**Your objective**
Every line below should be copied exactly; drop the pictures.

**Information shown**
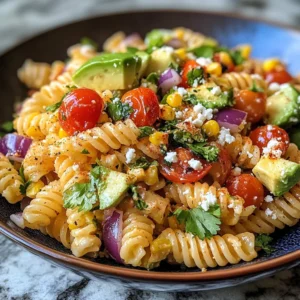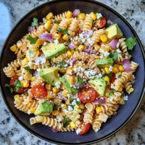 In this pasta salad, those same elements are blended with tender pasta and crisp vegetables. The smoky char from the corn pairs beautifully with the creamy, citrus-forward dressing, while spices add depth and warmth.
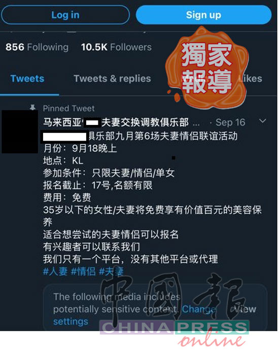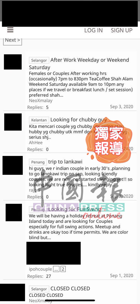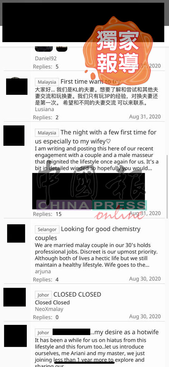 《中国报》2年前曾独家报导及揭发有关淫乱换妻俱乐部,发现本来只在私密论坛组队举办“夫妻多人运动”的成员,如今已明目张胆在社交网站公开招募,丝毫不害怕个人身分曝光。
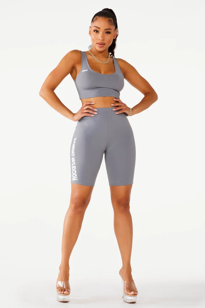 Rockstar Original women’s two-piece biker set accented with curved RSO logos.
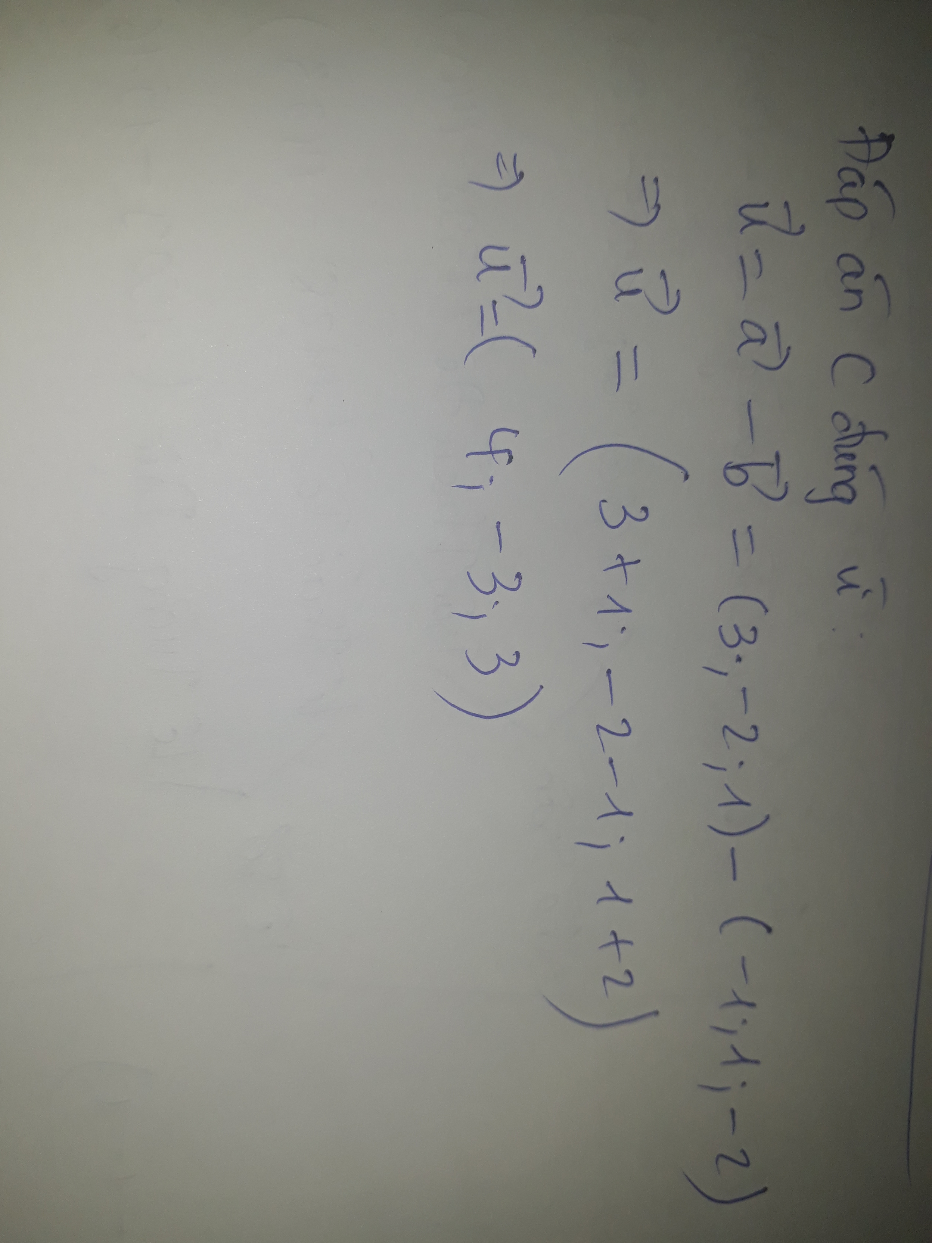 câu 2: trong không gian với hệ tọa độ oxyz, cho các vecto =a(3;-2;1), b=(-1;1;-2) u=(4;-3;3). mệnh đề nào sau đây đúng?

**Solution to this task**
 In this pasta salad, those same elements are blended with tender pasta and crisp vegetables. The smoky char from the corn pairs beautifully with the creamy, citrus-forward dressing, while spices add depth and warmth.
 《中国报》2年前曾独家报导及揭发有关淫乱换妻俱乐部,发现本来只在私密论坛组队举办“夫妻多人运动”的成员,如今已明目张胆在社交网站公开招募,丝毫不害怕个人身分曝光。
 Rockstar Original women’s two-piece biker set accented with curved RSO logos.
 câu 2: trong không gian với hệ tọa độ oxyz, cho các vecto =a(3;-2;1), b=(-1;1;-2) u=(4;-3;3). mệnh đề nào sau đây đúng?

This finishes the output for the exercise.